GSA Annual Meeting in Seattle, Washington, USA - 2017

Paper No. 70-7
Presentation Time: 9:00 AM-5:30 PM

ASSESSING THE AGE AND SEQUENCE OF THRUST FAULTING IN THE SOUTHERN APPALACHIANS


SPURGEON, Derek L., Geography, Geology and Planning, Missouri State University, 901 S National Ave, Springfield, MO 65897, MCKAY, Matthew P., Department of Geosciences, Missouri State University, 901 S National Ave, Springfield, MO 65897, FOSDICK, Julie C., Center for Integrative Geosciences, University of Connecticut, Storrs, CT 06269 and JACKSON Jr., William T., Department of Earth Sciences, University of South Alabama, Mobile, AL 36608, Spurgeon679@live.missouristate.edu

The Southern Appalachian Mountains were formed by multiple collisional events, culminating in the Pennsylvanian-Permian Alleghanian Orogeny. Today, this complex collisional history is recorded in the fold and thrust belt of Alabama, where a full Wilson Cycle of Paleozoic strata are deformed by northeast-striking thrusts faults. While age relationships of deformation within the Southern Appalachian fold and thrust belt have been investigated, fault cross-cutting relationships suggest a complex sequence of out-of-sequence and/or breaking backward thrust faulting; thereby resulting in the timing and duration of Alleghanian deformation to be poorly understood.

Along a cross-strike transect spanning the Southern Appalachian fold and thrust belt, sandstone units located near major thrust faults constrained through recent geologic mapping were sampled to investigate the sequence of thrust faulting.
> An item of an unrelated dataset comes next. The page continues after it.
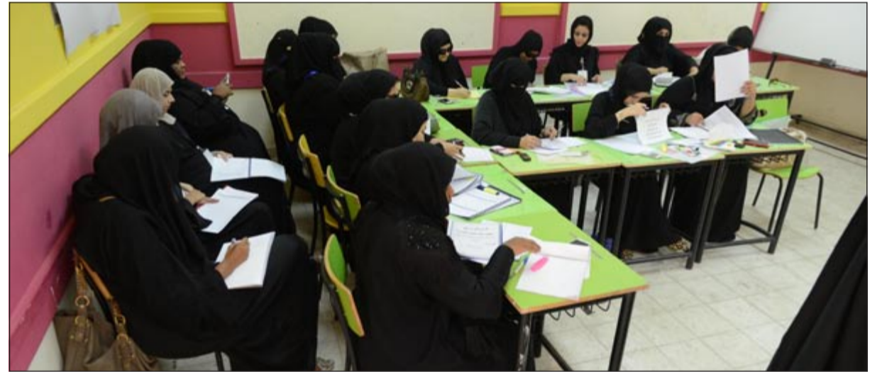
مندوبات المرشحين داخل إحدى اللجان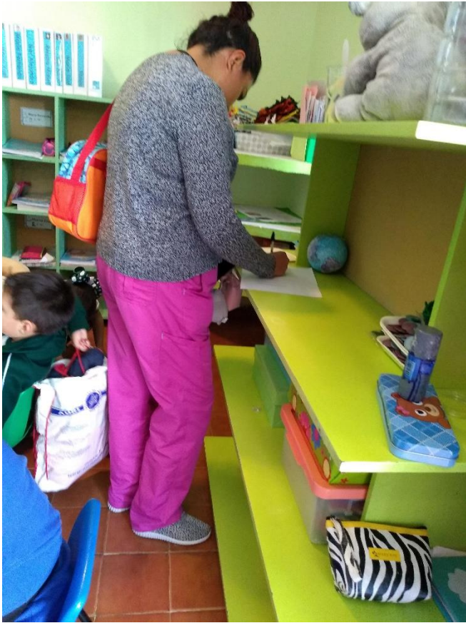
Ilustración 1 Madre de familia apoyando en actividades para sus hijos

Zircon (U-Th)/He thermochronology of sandstone units may provide low-temperature thermal information for respective thrust sheets, which serves as a proxy from thrust sheet uplift and exhumation during orogenesis. New thermochronology ages will (a) test the relative ages for faulting and (b) provide a duration for thrust fault exhumation of thrust sheets during the Alleghanian Orogeny in the Southern Appalachian fold and thrust belt. If Alleghanian deformation was prolonged, individual thrust sheet deformation may be resolvable. In contrast, if deformation occurred over a brief period, such that cooling ages are all within uncertainty, the results will provide a control on thrust belt deformation as a whole. Our results will allow a temporal correlation of deformation in upper crustal rocks of the fold and thrust belt with the mid-crustal metamorphic rocks in the Appalachian Piedmont to the southeast.